** Supplied data follows **

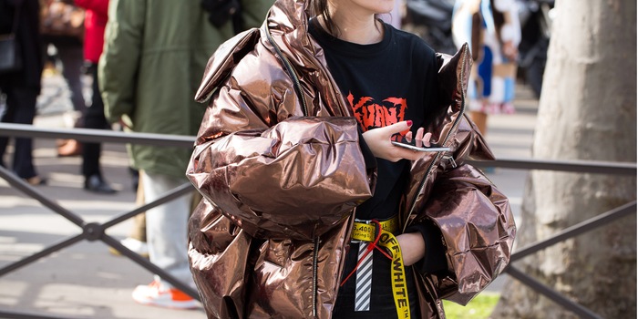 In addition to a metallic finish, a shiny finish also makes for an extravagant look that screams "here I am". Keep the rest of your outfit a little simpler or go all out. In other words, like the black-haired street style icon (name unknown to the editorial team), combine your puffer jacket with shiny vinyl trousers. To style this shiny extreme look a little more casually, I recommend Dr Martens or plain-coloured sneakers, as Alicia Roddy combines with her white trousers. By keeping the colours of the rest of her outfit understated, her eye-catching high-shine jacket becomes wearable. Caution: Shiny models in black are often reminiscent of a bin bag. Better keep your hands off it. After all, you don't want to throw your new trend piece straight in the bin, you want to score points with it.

** End of Supplied data **
** Supplied data follows **

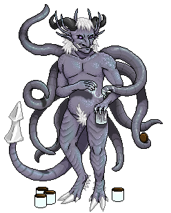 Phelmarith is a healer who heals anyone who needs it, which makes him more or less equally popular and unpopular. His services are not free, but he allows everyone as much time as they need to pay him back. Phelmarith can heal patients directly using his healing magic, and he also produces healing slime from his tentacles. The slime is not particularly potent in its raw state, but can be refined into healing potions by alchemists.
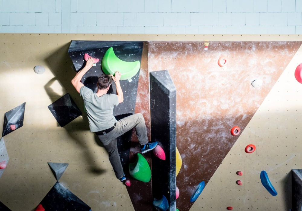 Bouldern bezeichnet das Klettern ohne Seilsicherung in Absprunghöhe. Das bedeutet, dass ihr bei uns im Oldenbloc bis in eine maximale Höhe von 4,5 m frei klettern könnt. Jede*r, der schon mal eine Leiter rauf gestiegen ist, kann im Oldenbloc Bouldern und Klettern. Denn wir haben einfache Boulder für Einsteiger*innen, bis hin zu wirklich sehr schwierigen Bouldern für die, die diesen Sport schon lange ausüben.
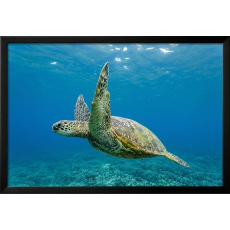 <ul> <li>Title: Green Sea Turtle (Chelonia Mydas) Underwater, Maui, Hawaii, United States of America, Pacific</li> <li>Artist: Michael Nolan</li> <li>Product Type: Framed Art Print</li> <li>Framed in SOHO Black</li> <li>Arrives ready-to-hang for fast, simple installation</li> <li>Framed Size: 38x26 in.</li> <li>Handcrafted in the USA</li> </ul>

** End of Supplied data **

## Problem description
With the pictures removed from your copy, retype the lines above from the one that contains "Phelmarith is a" through the one that contains "Bouldern bezeichnet das", exactly.

## Answer box
 Phelmarith is a healer who heals anyone who needs it, which makes him more or less equally popular and unpopular. His services are not free, but he allows everyone as much time as they need to pay him back. Phelmarith can heal patients directly using his healing magic, and he also produces healing slime from his tentacles. The slime is not particularly potent in its raw state, but can be refined into healing potions by alchemists.
 Bouldern bezeichnet das Klettern ohne Seilsicherung in Absprunghöhe. Das bedeutet, dass ihr bei uns im Oldenbloc bis in eine maximale Höhe von 4,5 m frei klettern könnt. Jede*r, der schon mal eine Leiter rauf gestiegen ist, kann im Oldenbloc Bouldern und Klettern. Denn wir haben einfache Boulder für Einsteiger*innen, bis hin zu wirklich sehr schwierigen Bouldern für die, die diesen Sport schon lange ausüben.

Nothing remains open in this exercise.